Manual labeling is particularly important when dealing with edge cases, or niche industries/sectors where public or synthetic datasets are insufficient or non-existent. For example, many ML projects require real data collected from the field and labeled by human experts.

For example, Aya Data labeled images of eScooters – an unaddressed edge case in our client’s AV workflow. In this situation, manufacturing synthetic data wouldn’t have been possible. Here, leveraging Aya Data’s HIIT team to manually label the eScooters was both economical, practical, and effective.

Airbus highlights a similar dilemma here, citing that neither fully-automated nor fully-manual labeling pipelines suffice in diverse, large-scale ML projects.

When considering fully manual labeling there is also a decision to make between crowdsourcing labelers, using in-house specialists, or finding a third-party managed service provider – this is explored in our guide to labeling here.

Pros of Manual Data Labeling

  • Manual labeling is usually the only option for tasks that require direct training or high-level domain knowledge. HIIT workforces can be briefed on the project, the project’s requirements, things to look out for, essential points to remember while labeling, and other project-critical details.
  • Projects that operate in a new, niche, or emerging area of a sector/industry likely require hand-annotated data. In addition, manually annotated gold sets can be used to train auto-labeling models later on if required.
  • By collecting data from the field and manually annotating it, it’s possible for businesses and organizations to claim full rights over the data, labels, and models. Conversely, ownership may be difficult to negotiate if the training/test sets involve synthetic, paid, or open data.
  • Manually labeled data is customizable. Involving expert labelers in the end-to-end machine learning process unlocks value beyond the labels alone. Labelers can make suggestions, highlight issues, and raise important issues such as bias and representation.
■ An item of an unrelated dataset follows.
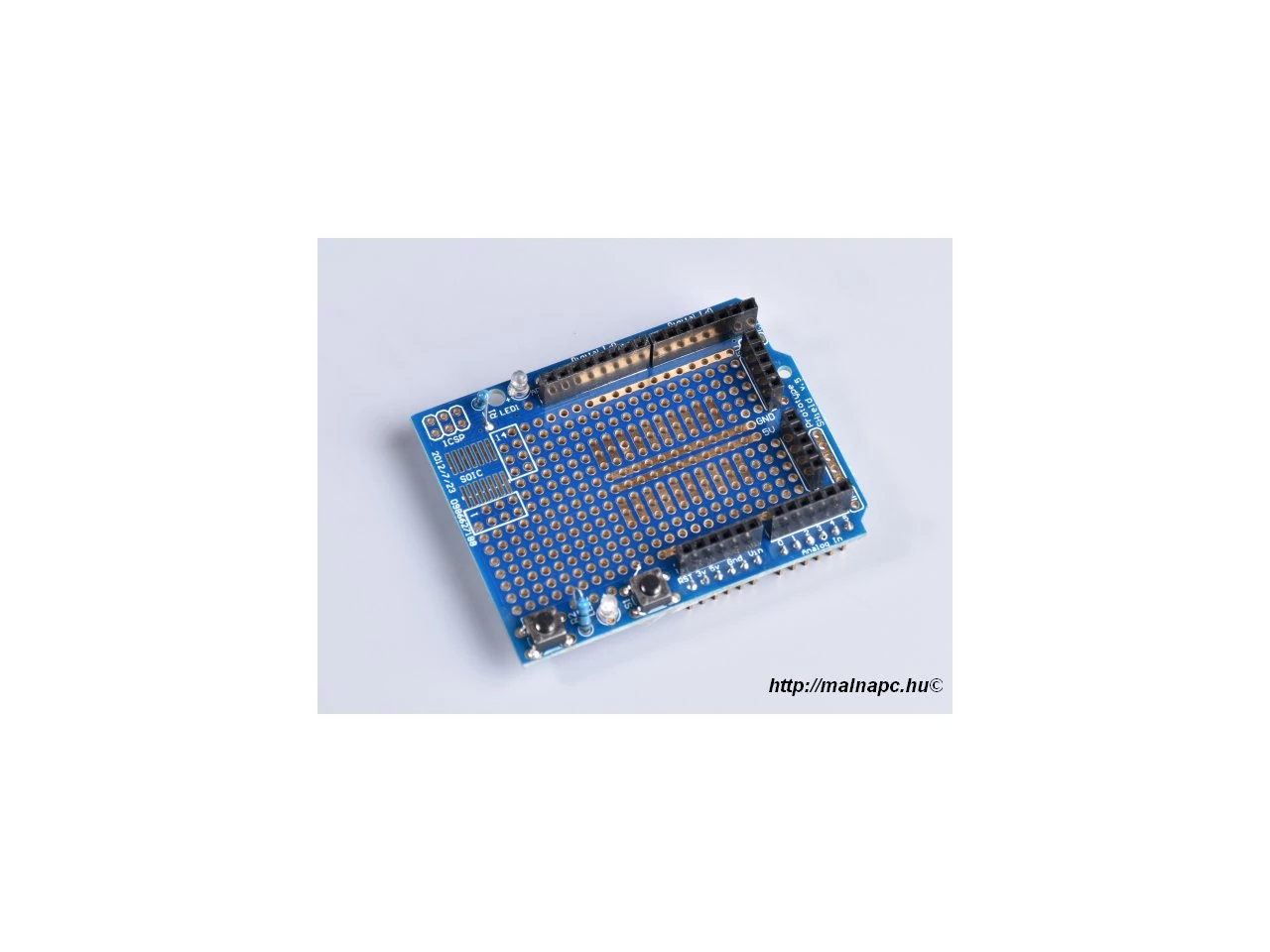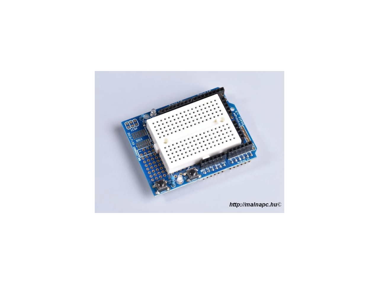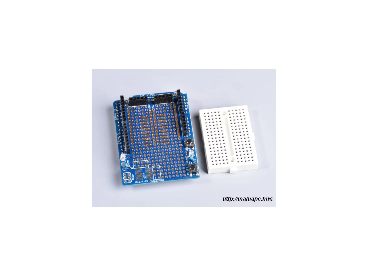 Arduino UNO-hoz prototípus panel - UNO Shield kompatibilis csatlakozással és kétféle használati móddal. Lehetőséged van hagyományos forrasztásos prototípus készítésére, vagy használhatod a mellékelt forrasztás nélküli próbapanelt is, ez csak rajtad múlik!

Cons of Manual Data Labeling

  • Manual labeling is undoubtedly slow, and while a slow and steady pace suits some machine learning projects, it will hold back others.
  • Privacy and security issues arise when human labelers are exposed to personally identifiable or sensitive information. In this situation, creating a compliant labeling framework is essential. Measures must be taken to anonymize sensitive data and ensure data security.
  • Without a robust labeling pipeline, human error threatens to increase error rate or introduce unforeseen outcomes to the model. It’s possible to reduce human error with blind or double-blind labeling pipelines.

2: Model/AI-Assisted Labeling

AI-assisted labeling is already in-use across most major data labeling platforms.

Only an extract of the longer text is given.